### Problem
Print the lines below from the line with "This latest collection" to the line with "Кухня занимает отдельное" exactly, keeping both ends, and print no pictures.

### Provided data
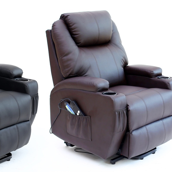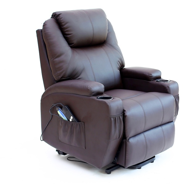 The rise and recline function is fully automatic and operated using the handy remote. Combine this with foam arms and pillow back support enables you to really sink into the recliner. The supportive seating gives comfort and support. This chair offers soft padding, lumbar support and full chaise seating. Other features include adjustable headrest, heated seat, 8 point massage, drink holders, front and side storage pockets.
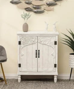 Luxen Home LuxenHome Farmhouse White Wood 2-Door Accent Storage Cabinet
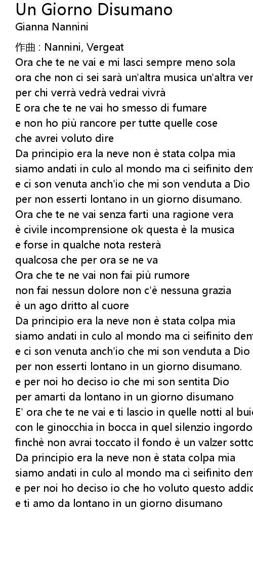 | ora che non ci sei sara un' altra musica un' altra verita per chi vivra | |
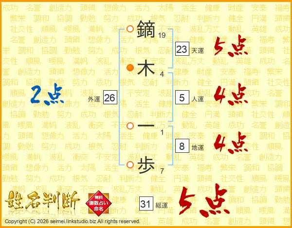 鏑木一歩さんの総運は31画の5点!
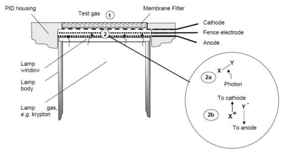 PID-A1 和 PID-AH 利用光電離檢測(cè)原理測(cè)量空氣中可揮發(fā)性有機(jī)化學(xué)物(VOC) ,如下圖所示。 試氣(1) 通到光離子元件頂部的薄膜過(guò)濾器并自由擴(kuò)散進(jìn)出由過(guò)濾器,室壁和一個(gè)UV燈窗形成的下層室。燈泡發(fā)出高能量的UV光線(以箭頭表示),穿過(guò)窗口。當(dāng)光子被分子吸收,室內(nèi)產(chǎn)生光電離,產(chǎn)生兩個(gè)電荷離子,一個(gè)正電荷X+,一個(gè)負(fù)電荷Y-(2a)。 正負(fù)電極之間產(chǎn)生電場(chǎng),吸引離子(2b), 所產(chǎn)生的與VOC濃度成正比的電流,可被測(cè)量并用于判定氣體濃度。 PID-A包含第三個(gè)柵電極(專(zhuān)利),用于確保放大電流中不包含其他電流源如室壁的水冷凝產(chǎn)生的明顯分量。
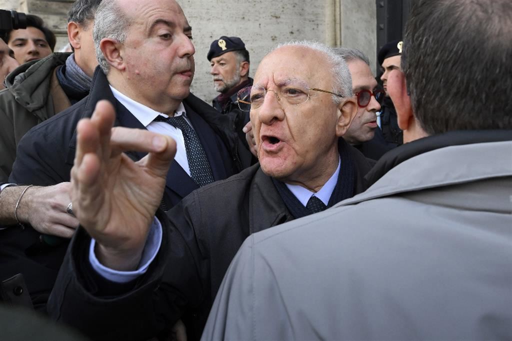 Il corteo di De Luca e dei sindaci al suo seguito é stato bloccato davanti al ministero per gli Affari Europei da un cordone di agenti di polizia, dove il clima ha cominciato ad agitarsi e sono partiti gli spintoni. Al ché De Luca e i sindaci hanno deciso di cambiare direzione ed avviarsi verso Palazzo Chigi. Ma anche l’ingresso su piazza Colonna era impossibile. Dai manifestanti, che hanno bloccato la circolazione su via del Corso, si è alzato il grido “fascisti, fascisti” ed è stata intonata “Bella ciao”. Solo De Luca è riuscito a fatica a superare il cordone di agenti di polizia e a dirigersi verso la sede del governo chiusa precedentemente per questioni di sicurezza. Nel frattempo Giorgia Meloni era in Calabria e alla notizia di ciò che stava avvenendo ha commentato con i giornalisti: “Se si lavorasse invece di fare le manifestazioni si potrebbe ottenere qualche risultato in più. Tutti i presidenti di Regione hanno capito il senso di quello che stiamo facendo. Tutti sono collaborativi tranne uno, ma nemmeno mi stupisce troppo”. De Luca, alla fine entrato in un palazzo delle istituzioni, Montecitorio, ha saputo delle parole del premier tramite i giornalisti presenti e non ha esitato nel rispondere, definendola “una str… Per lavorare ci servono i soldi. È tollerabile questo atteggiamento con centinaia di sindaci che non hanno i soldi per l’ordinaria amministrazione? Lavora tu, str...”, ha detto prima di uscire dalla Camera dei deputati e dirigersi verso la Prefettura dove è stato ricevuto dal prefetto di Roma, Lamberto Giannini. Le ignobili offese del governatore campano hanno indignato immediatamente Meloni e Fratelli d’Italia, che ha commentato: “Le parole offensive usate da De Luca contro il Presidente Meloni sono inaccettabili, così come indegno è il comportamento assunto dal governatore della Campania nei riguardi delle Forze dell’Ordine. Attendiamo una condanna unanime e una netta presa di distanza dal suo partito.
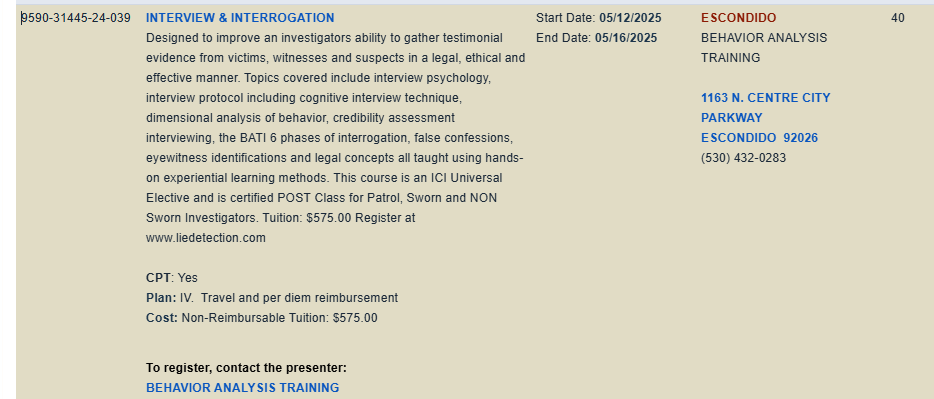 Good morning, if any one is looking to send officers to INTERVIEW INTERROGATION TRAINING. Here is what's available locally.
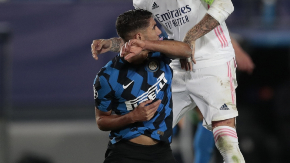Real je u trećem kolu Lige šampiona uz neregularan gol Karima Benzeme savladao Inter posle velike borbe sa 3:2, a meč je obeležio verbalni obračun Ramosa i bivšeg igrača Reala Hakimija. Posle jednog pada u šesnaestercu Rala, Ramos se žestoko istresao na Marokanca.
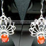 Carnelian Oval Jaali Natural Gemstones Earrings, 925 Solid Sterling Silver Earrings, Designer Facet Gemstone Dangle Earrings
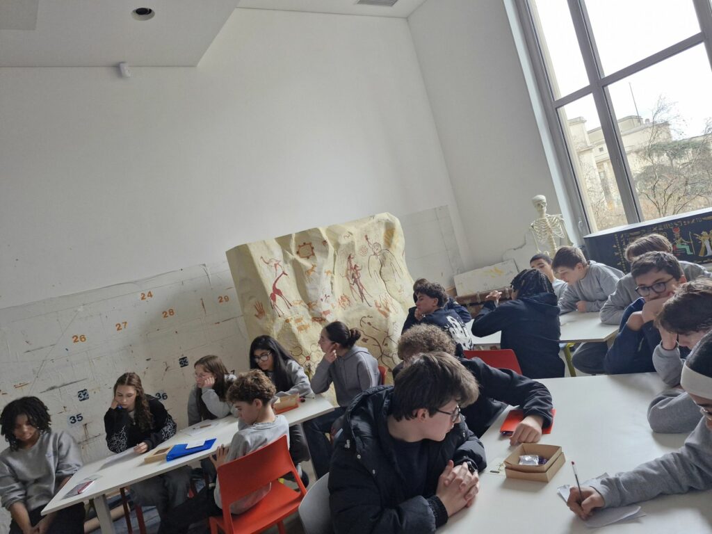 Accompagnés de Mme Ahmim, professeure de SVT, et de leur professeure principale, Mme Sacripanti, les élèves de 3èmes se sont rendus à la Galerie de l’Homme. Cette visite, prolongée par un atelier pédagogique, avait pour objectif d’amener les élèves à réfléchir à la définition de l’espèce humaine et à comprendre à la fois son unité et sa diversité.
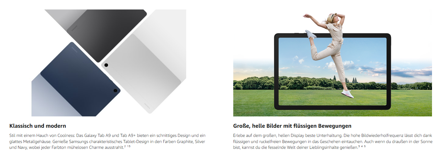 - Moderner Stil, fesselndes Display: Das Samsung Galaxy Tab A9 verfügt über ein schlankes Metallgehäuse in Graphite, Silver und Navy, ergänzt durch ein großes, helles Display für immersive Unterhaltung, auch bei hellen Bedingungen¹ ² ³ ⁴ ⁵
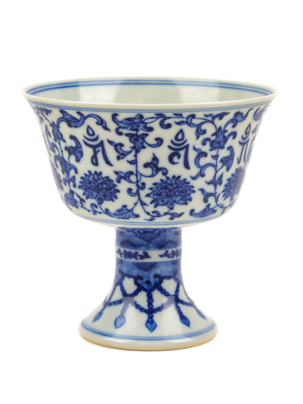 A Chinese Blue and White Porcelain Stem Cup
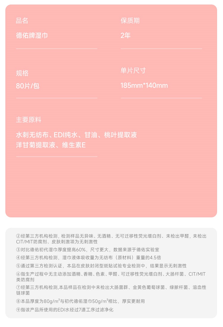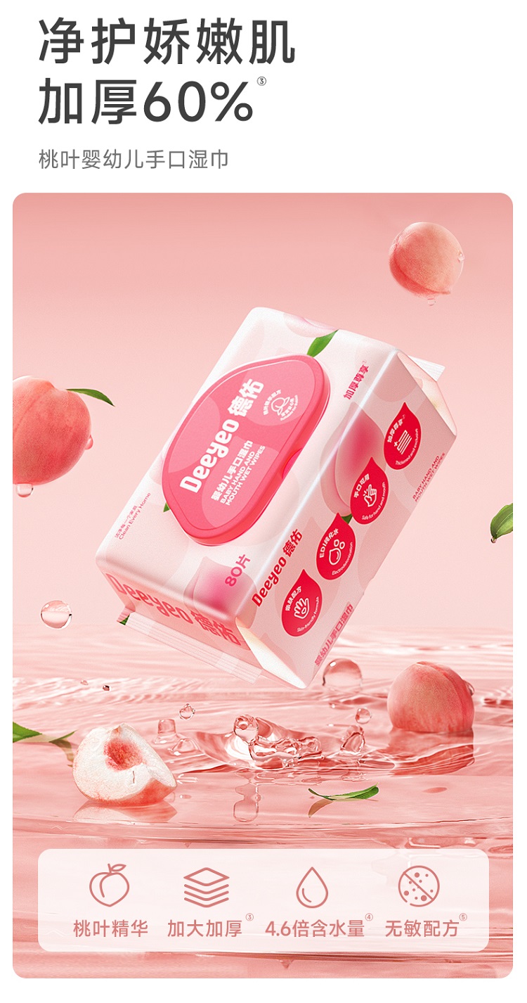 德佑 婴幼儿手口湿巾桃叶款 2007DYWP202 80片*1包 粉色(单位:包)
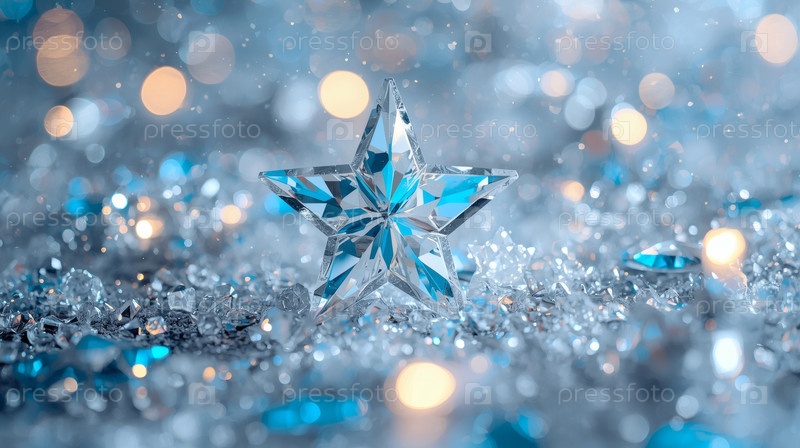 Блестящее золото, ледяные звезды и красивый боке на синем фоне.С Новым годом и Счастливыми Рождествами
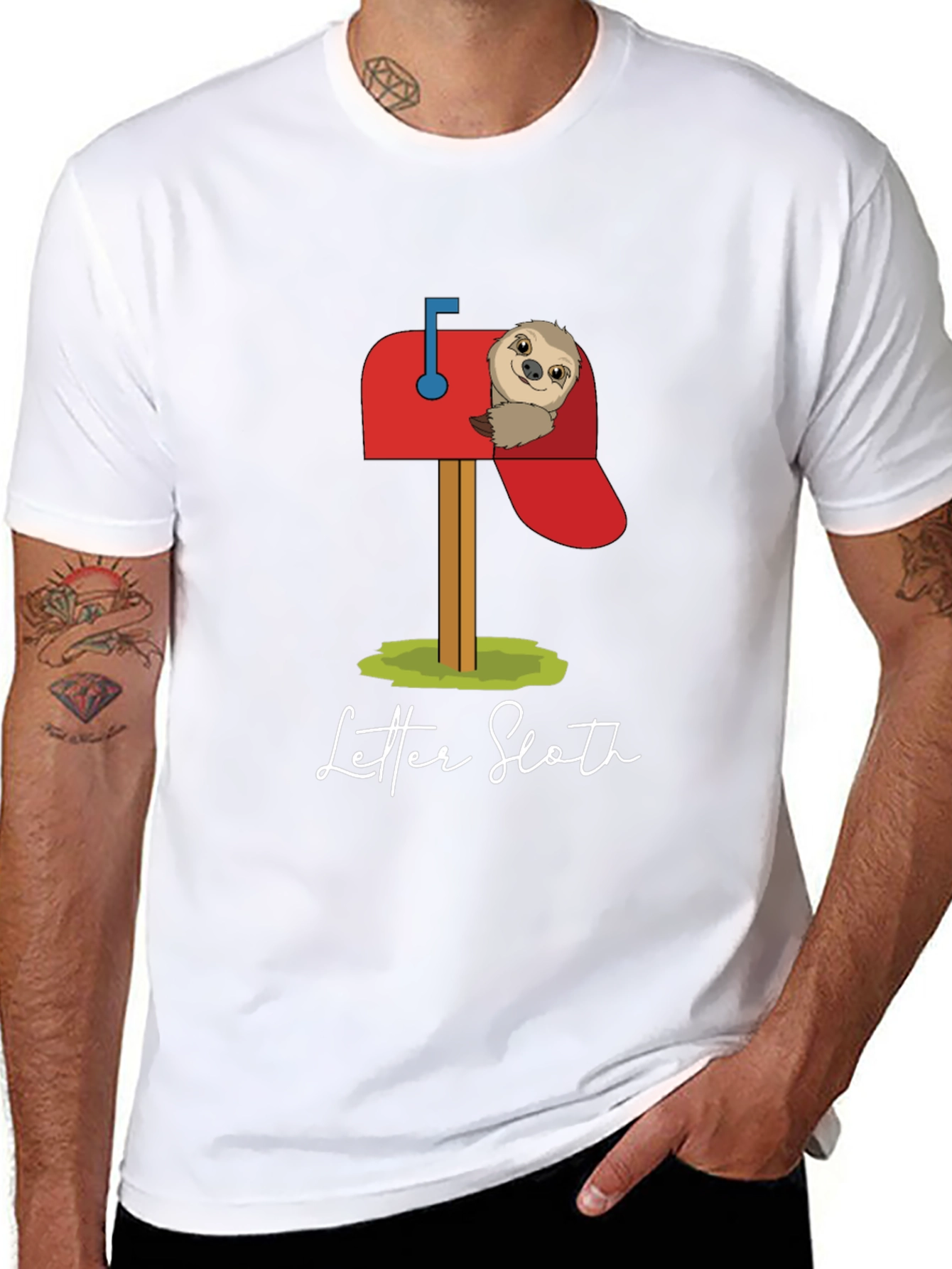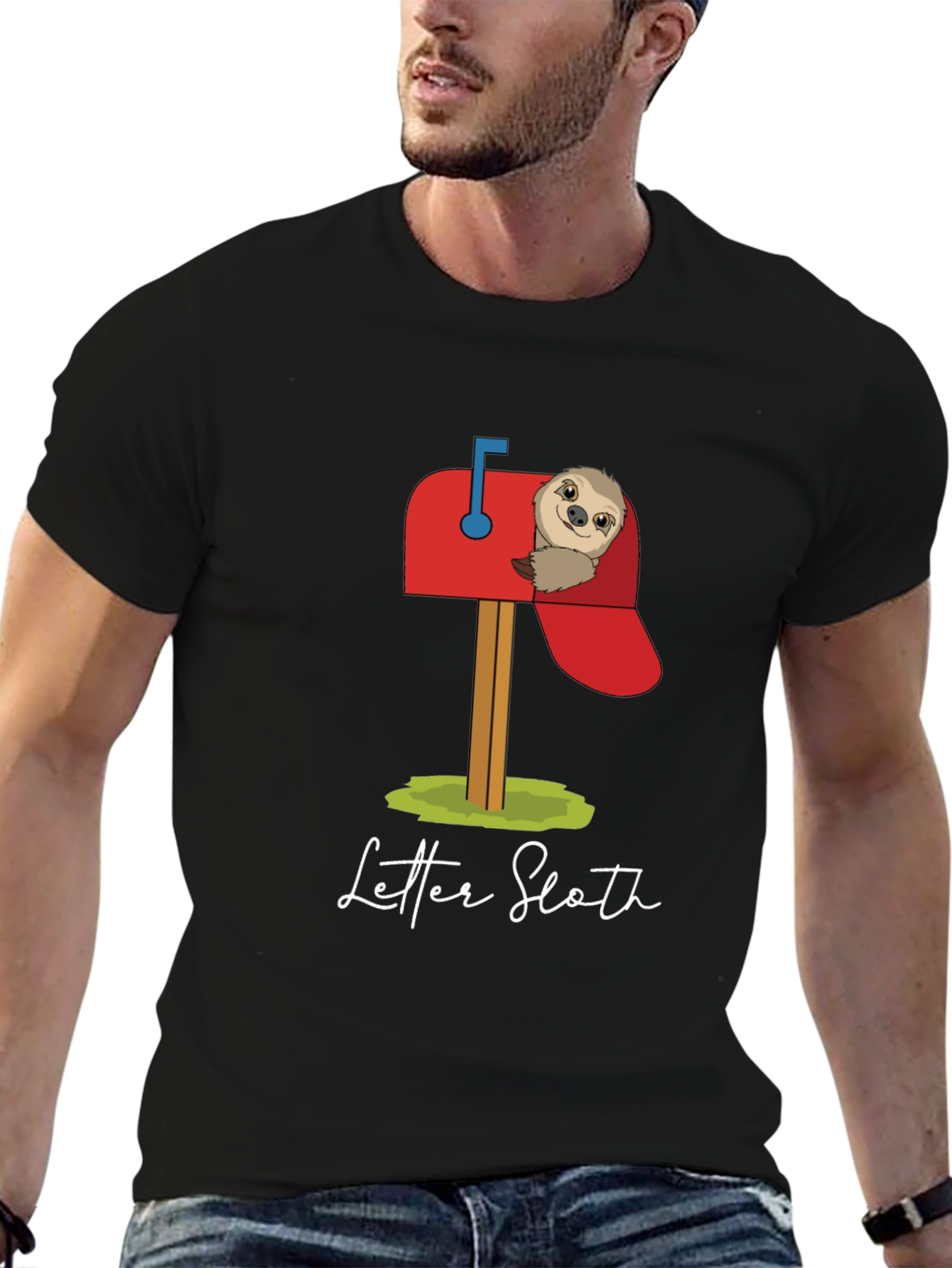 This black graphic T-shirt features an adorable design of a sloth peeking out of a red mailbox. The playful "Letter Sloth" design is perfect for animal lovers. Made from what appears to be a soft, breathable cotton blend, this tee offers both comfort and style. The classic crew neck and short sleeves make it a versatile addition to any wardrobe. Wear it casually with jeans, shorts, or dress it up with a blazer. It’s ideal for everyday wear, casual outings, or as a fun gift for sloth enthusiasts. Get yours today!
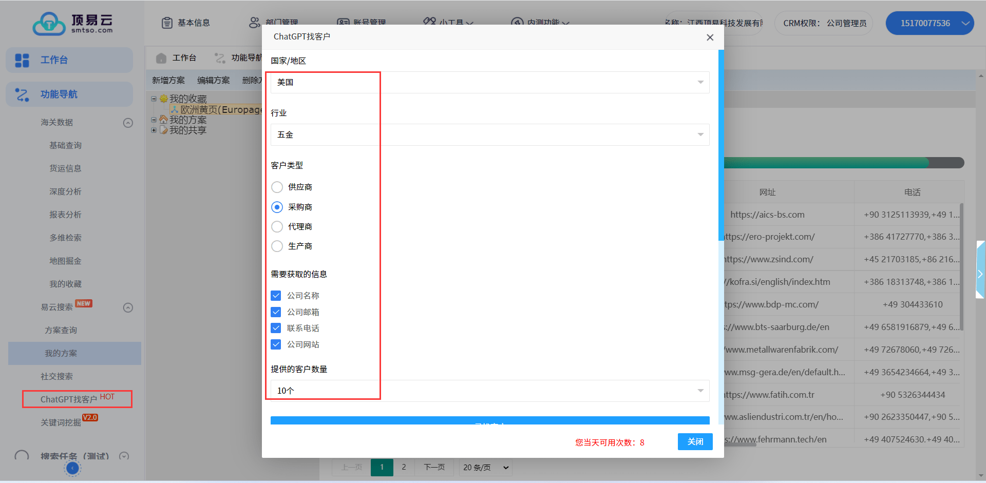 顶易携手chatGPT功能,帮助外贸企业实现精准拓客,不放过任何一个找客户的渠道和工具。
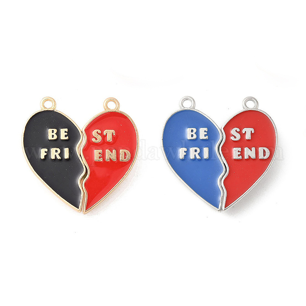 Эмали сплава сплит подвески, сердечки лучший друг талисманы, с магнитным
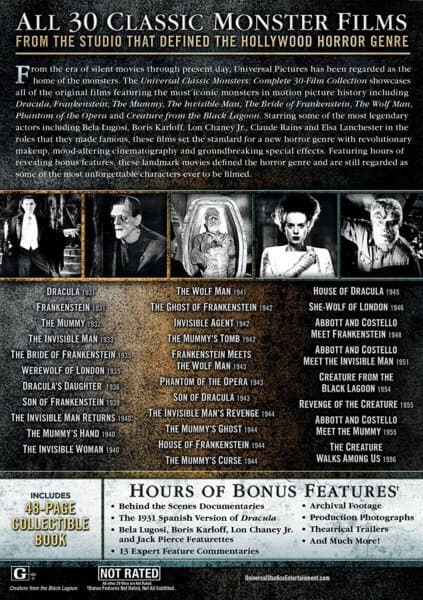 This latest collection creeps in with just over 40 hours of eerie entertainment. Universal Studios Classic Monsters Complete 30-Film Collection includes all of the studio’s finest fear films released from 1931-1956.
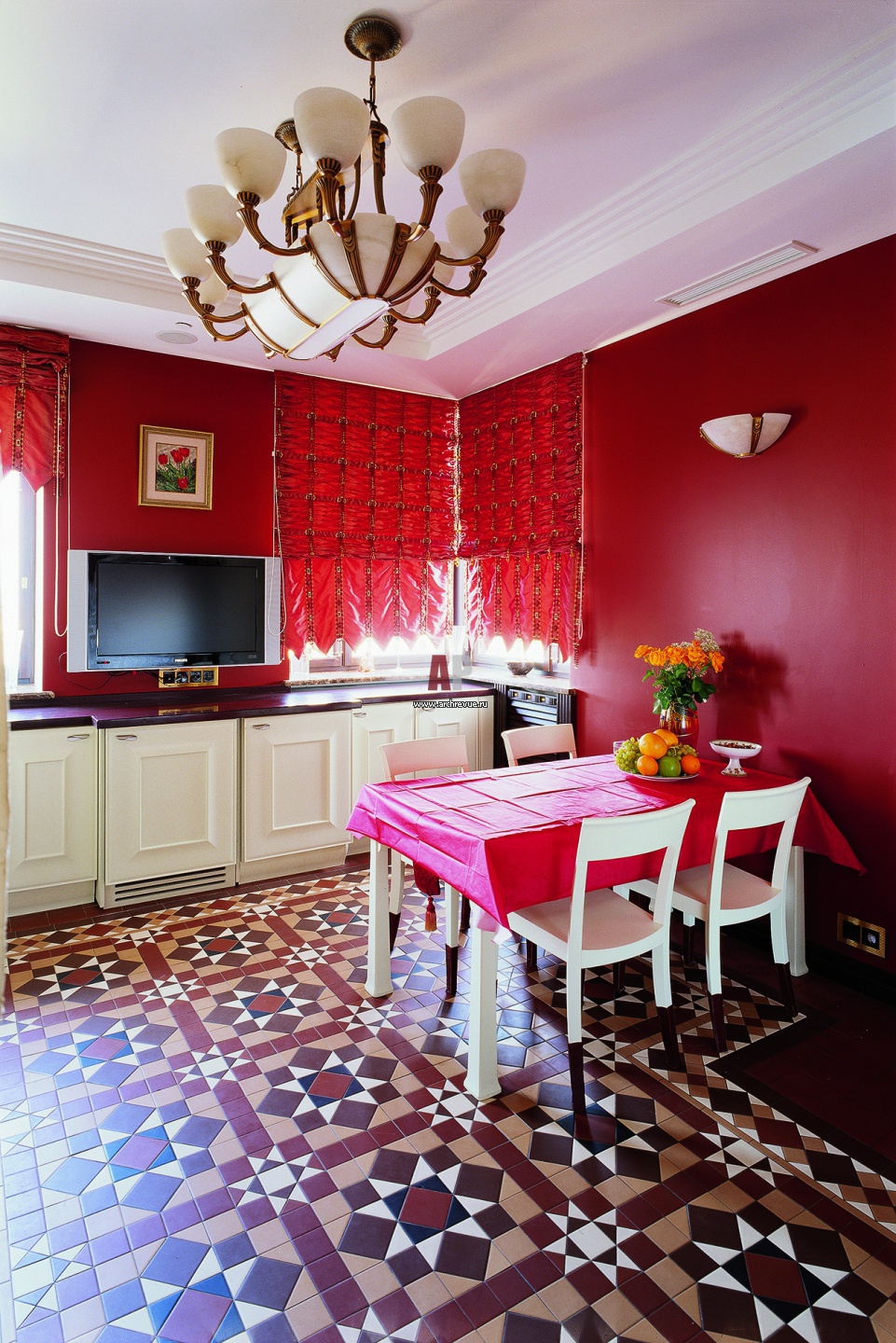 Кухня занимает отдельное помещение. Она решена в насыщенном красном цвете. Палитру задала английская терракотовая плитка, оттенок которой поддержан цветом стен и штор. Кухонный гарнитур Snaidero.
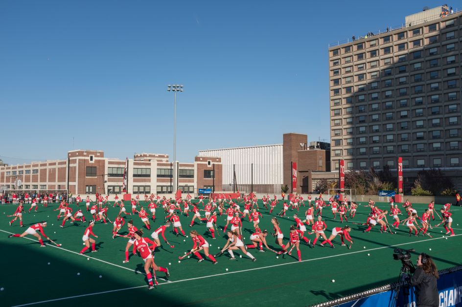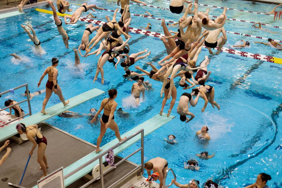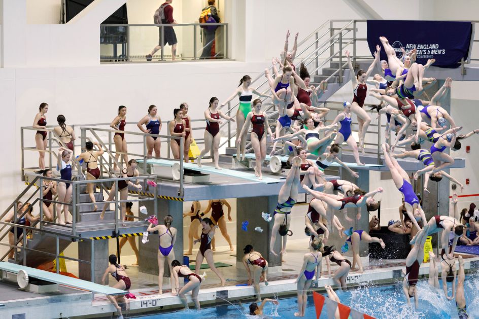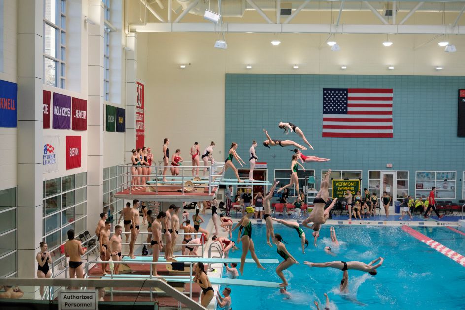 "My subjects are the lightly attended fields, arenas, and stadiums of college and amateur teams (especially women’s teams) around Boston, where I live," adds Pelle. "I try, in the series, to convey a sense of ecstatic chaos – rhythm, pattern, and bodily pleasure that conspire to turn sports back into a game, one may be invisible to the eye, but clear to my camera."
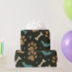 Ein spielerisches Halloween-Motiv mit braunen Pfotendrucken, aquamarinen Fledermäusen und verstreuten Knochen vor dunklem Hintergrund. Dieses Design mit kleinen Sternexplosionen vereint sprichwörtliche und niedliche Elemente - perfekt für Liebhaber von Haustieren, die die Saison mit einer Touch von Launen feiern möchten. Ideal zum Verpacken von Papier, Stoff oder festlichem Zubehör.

### Response for this exercise
 This latest collection creeps in with just over 40 hours of eerie entertainment. Universal Studios Classic Monsters Complete 30-Film Collection includes all of the studio’s finest fear films released from 1931-1956.
 Кухня занимает отдельное помещение. Она решена в насыщенном красном цвете. Палитру задала английская терракотовая плитка, оттенок которой поддержан цветом стен и штор. Кухонный гарнитур Snaidero.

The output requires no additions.